DirecTV, Inc. v. Borow, 2005 WL 43261 (N.D.Ill. Jan. 6, 2005)

In this case, the court granted summary judgment in favor of plaintiff DirecTV and against defendant Randy Borow on claims stemming from Borow’s unauthorized use of plaintiff’s satellite television signal. Summary judgment was warranted, in part, because defendant had not offered sufficient evidence to rebut the presumption that arose from his destruction of relevant evidence.

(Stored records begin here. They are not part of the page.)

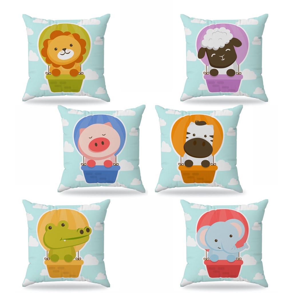 Kit 6 almofadas cheias - Decoração infantil animais baby balão 30x30cm
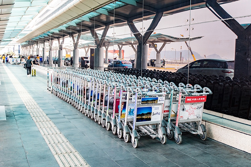 目前,大型手推車約3500輛,最大承重100kg,主要放置于航站樓出發(fā)層可進出的門外,國內(nèi)、國際到達行李轉(zhuǎn)盤區(qū)域,交通中心區(qū)域。
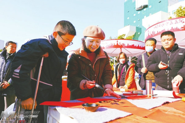 在中醫(yī)非遺項(xiàng)目特色體驗(yàn)區(qū),綿陽(yáng)市中醫(yī)醫(yī)院的醫(yī)生現(xiàn)場(chǎng)問(wèn)診,市民排著長(zhǎng)隊(duì)沉浸式體驗(yàn)中醫(yī)傳統(tǒng)特色文化,爭(zhēng)相選購(gòu)特色中醫(yī)藥產(chǎn)品、香囊等;在漢服體驗(yàn)區(qū),精美的衣飾,配套的發(fā)簪、絨花、耳墜等飾品,吸引了很多愛(ài)好者一邊參觀,一邊沉浸式體驗(yàn)傳統(tǒng)服飾之美;在書(shū)法展區(qū),專業(yè)老師揮毫潑墨,一個(gè)個(gè)寓意祥和的“福”字,一副副充滿喜氣的春聯(lián)躍然紙上;在舞臺(tái)區(qū)的城市路演主題活動(dòng)中,飛花令、全民K歌輪番上演,福袋、綿陽(yáng)文創(chuàng)等各式禮品發(fā)不停……各式各樣的互動(dòng)環(huán)節(jié)讓市民和游客在逛大集、購(gòu)好品的同時(shí),體驗(yàn)到豐富多彩的文化盛宴。
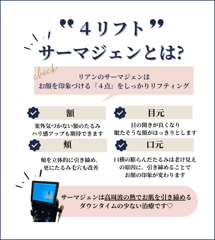 この4つのパーツに重点を置き、引き締めかつリフティングしていくのがリアンの【4リフトサーマジェン】です。

Five months after plaintiff filed its complaint, defendant used a software program called “Evidence Eliminator” to erase evidence requested by plaintiff from his computer. After defendant’s computer was surrendered for inspection, plaintiff’s forensics expert was able to recover some deleted files, including programs used by satellite pirates to intercept plaintiff’s encrypted signal and files that listed the names of piracy websites that defendant visited or to which he had subscribed. However, other files were permanently deleted. On plaintiff’s earlier motion for sanctions, the court concluded that the defendant had acted in bad faith and deliberately destroyed relevant evidence. On summary judgment, the court afforded plaintiff an adverse inference that the destroyed documents would not have favored the defense. Defendant failed to properly oppose summary judgment, and offered only general denials of the facts demonstrating his acts of piracy and evidence spoliation.